Great shame as I found them very entertaining and instructive, e.g. the Beethoven symphony cycle list, produced I think by TC members, ditto one on LvB's string quartets? There was a great Schubert cycles one too (not as far as I know a TC effort) and countless others.
Anyone know where to find the guides now, and/or anyone (KenOC?) still have that excellent LvB symphonies list to hand?
Thanks!


----------



## bharbeke (Mar 4, 2013)

Amazon has been doing less and less user-generated features on its site. "So You'd Like To" and Listmania lists are gone, and the forums are a hollow shell of what they once were. Most of the community-oriented features for books are on the Goodreads site.

You might try archive.org or the WABAC site to find the lists again. This site and the Amazon Classical forums may have some similar lists in their history, or you can just ask the question again and get new responses.


----------



## arpeggio (Oct 4, 2012)

bharbeke said:


> Amazon has been doing less and less user-generated features on its site. "So You'd Like To" and Listmania lists are gone, and the forums are a hollow shell of what they once were. Most of the community-oriented features for books are on the Goodreads site.
> 
> You might try archive.org or the WABAC site to find the lists again. This site and the Amazon Classical forums may have some similar lists in their history, or you can just ask the question again and get new responses.

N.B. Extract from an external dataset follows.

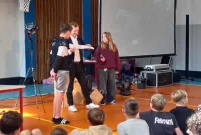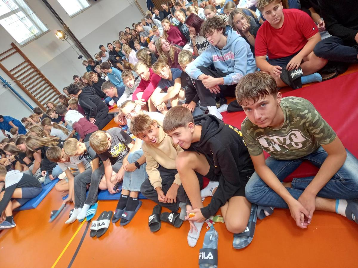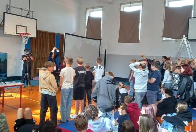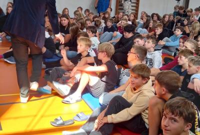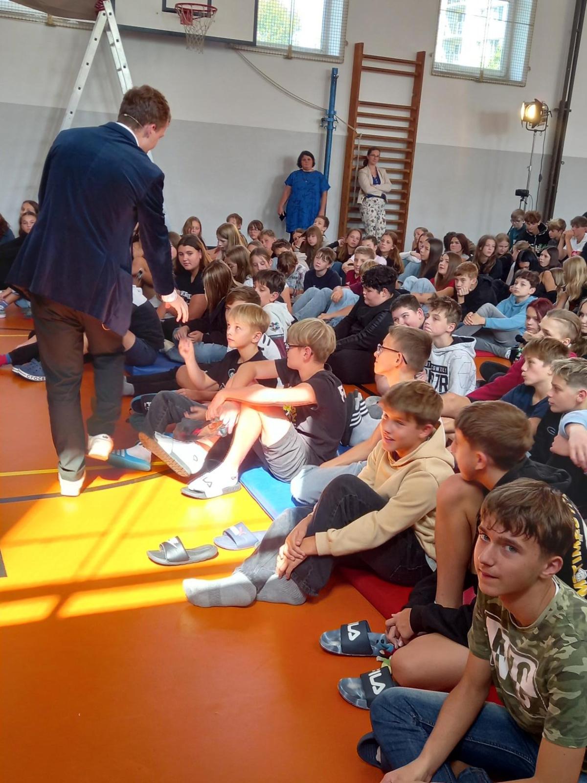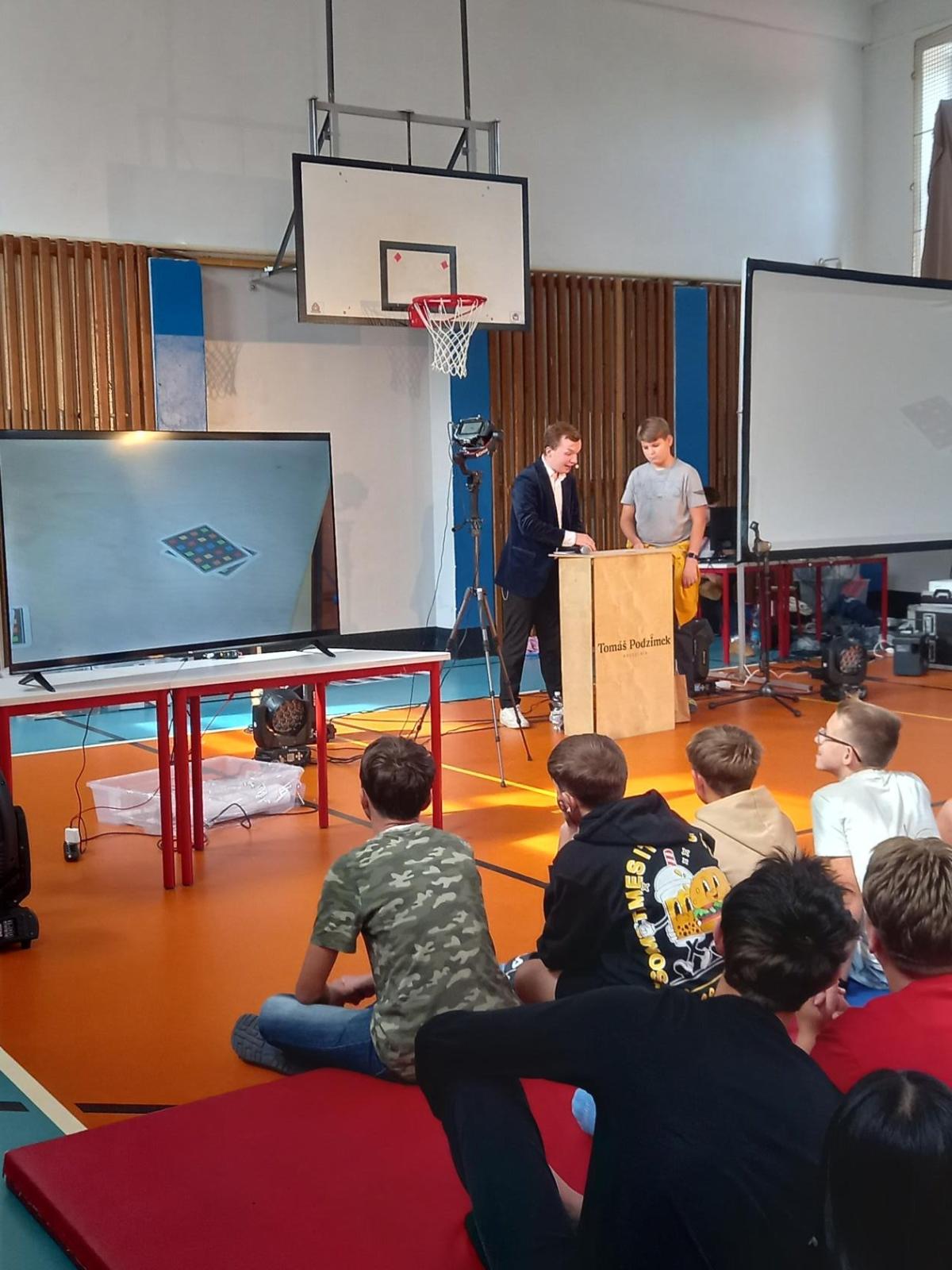 V úterý 16. 9. nás navštívil účastník show ČeskoSlovensko má talent kouzelník Tomáš Podzimek a v tělocvičně školy predvedl úžasné kouzelnické vystoupení. Děvčata chtěla nechat zmizet naše chlapce, ale naštěstí jim Tomáš nevyhověl.

Checked out archive.org. Great site. Added to favorites. Thanks.


----------



## Steve Wright (Mar 13, 2015)

Thanks bharbeke, that is indeed very helpful. 
I have tried pasting the old url (www.amazon.com/gp/richpub/syltguides/fullview/R1L1EGKNY1ZC8X/ref=cm_pdp_sylt_title_2) into archive.org but, strangely enough (or not), it won't find it for me as it tells me the link is still live. 
I assume Amazon have simply removed the page (why?) and left the url live, so it can now be found neither in the present-day web ('cos not there) or on an archive site ('cos not strictly disappeared).
Bit frustrating. If anyone still has that Beethoven symphs list compiled by TC members, do let me know. I know there are LOTS of Beethoven symphonies threads on here and I will reread them, but I am a sucker for a nice list - and that one had lots of illuminating comments.
Thanks all,
Steve


----------



## elgar's ghost (Aug 8, 2010)

Typical Amazon, if you ask me - removing at least one of the more useful member-oriented features but still happy to overload their pages with annoying promotions, equally annoying (if financially expedient) ads and features of dubious relevance such as 'Your recently viewed items and recommendations'.


----------



## SixFootScowl (Oct 17, 2011)

Steve Wright said:


> ...seem to have disappeared, or at least I can't find them.
> Great shame as I found them very entertaining and instructive, e.g. the Beethoven symphony cycle list, produced I think by TC members, ditto one on LvB's string quartets? There was a great Schubert cycles one too (not as far as I know a TC effort) and countless others.
> Anyone know where to find the guides now, and/or anyone (KenOC?) still have that excellent LvB symphonies list to hand?
> Thanks!


A shame. I had three such Beethoven symphony cycle comparison lists including KenOC's in bookmarks. All are gone. I used them a lot when I was selecting cycles to add to my collection. I also found some other stuff and there remains only one that still exists on Amazon, but it is pretty limited, the comments being too brief:
http://www.amazon.com/Beethoven-Complete-Symphony-Sets/lm/R36S8ZE121XIL1/ref=cm_lmt_fvsy_f_2_rysdsi0


----------